For Adrienne Harrell, teaching weekly Zumba Gold classes in Capitola is deeply connected to her day job as Assistant Dean of Humanities at UC Santa Cruz. “Teaching Zumba Gold allows me to share my own love of dance and performing, while moving and grooving along with my students,” says Harrell. “It has been a personally rewarding experience on many levels.”
Zumba Gold, launched in 2006, is designed for adults looking for a modified class featuring lower-intensity moves than are taught in a standard class. The 50-minute lesson includes steps from salsa, samba, merengue, cha-cha, mambo, cumbia, and reggaeton.
Harrell has led dance and movement classes for more than 30 years, but when she experienced her first Zumba class in 2010, she was hooked. “I fell in love with Zumba fitness, attending classes five to six times a week, and wherever I traveled nationally or abroad,” she says. The following year she became licensed to teach both Zumba and Zumba Gold. Because Santa Cruz has an abundance of excellent Zumba instructors, she chose to focus on Gold classes to serve the untapped population of potential students.

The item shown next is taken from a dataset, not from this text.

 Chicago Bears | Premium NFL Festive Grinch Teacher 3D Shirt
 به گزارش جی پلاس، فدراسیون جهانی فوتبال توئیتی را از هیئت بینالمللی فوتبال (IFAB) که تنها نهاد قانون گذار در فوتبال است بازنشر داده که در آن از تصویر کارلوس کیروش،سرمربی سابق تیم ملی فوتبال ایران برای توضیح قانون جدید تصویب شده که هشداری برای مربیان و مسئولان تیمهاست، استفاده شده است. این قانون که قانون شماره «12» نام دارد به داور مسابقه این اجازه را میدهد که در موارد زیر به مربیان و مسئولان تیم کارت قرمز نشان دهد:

Carolyn Stallard, a Tai Chi instructor, says that after her first class she went home and soaked in Epsom salts. “Soon after, I started to catch on, sometimes even doing the right steps, and realized that this is brain exercise as well as body exercise. The rhythms are infectious, and I find it impossible to stand still once the music starts; but the real draw is Harrell,” Stallard says. “Her smile lights up the whole room, lifting us all with her clear joy in movement, her inventiveness in choreography, and her expert cueing.”

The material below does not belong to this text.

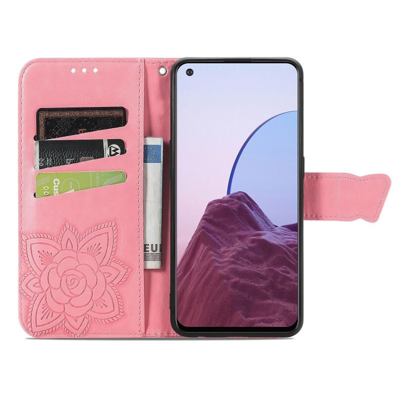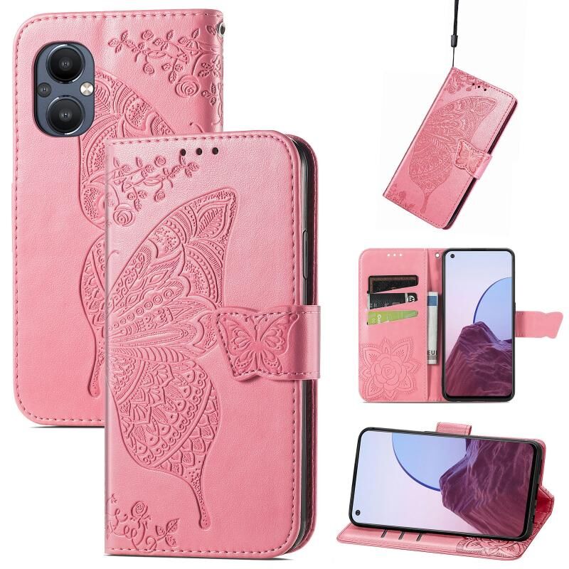 Θήκη τηλεφώνου από δέρμα με ανάγλυφο σχέδιο πεταλούδας και λουλουδιών για OnePlus N20 5G (Μαύρο)
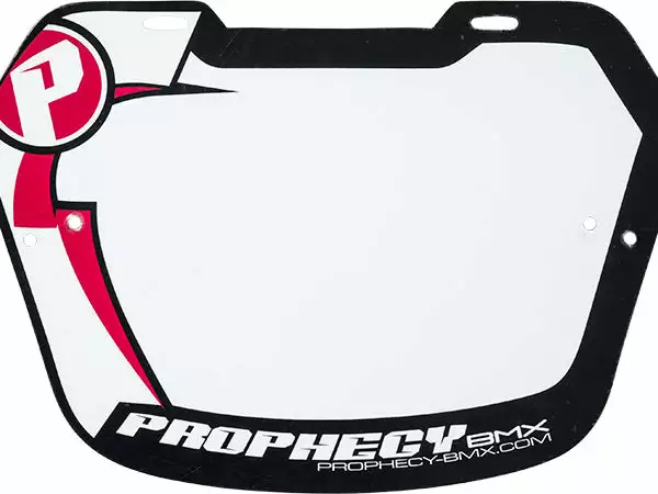 The Prophecy Front BMX number plate features flexible yet durable plastic with Prophecy BMX logos. The Front plate also features reversible sides with a white background on one side and yellow on the reverse side.

Joy Prouty and Josie Gardiner, based at Zumba headquarters in Florida, are co-developers of the Gold program, along with Zumba creative director, Beto Perez. Their credo is: “Zumba is exercise in disguise.” It’s designed to be a party, and who doesn’t like having a good time? A good time is what Harrell’s students are having.
Marsha McCrory, who has danced with Harrell for almost four years, saw an ad for the class and decided that joining a Zumba Gold class was something she needed to do. “My inner dancer was hidden pretty deeply, and movement came slowly,” she says. “Adrienne was so patient, caring and non-judgmental; I just kept going back. I learned it was safe and fun to be present in my body and my range of motion increased. Adrienne boogies down with the great music she chooses. Her smile and presence light up the room.”
The Zumba regimen uses interval training, meaning that routines do not demand constant high-energy movement. Harrell says her selected playlist takes pacing of tempo into account.
“At the end of every class, I’ve worked up a good sweat. and my heart is full of joy and peace,” she says.
Zumba’s creators believe that most of us dance to feel good, relieve stress or get our heart rates going, but the pursuit of fitness can have positive effects on long-term health, as well. A study conducted by The New England Journal of Medicine suggests that leisure activities such as dancing result in a reduced risk of developing dementia. The impact level of Zumba Gold is just right for many adults, and the class draws a lot of seniors. Hamsa Harriet Hilker, 86, was looking for a new Zumba class after dropping out of one that was too athletic for her body.
“After finding Harrell, I took off like a rocket,” says Hilker. “She is contagious.”
Harrell’s classes are held from 6-6:50 p.m. on Monday and Wednesday at the Capitola Recreation Center, 4400 Jade St., Capitola. A discount is given to Capitola residents, and also to seniors age 62 or older.
5 Simple Tips for Stress-Free Zumba
1 Have a nutritious meal with protein an hour or two before class to sustain energy. Bring a healthy snack for after class.
2 Wear proper shoes to keep the strain off ankles and knees. Lightweight shoes without pronounced ridges are best. It is not recommended to dance Zumba in bare feet.
3 Consider comfort and ease of movement when choosing dancewear, ranging from snug to loose.
4 Stay hydrated.
5 Keep movements toned down until it feels right to step up intensity. It’s all too easy to get carried away and burn out before class is over.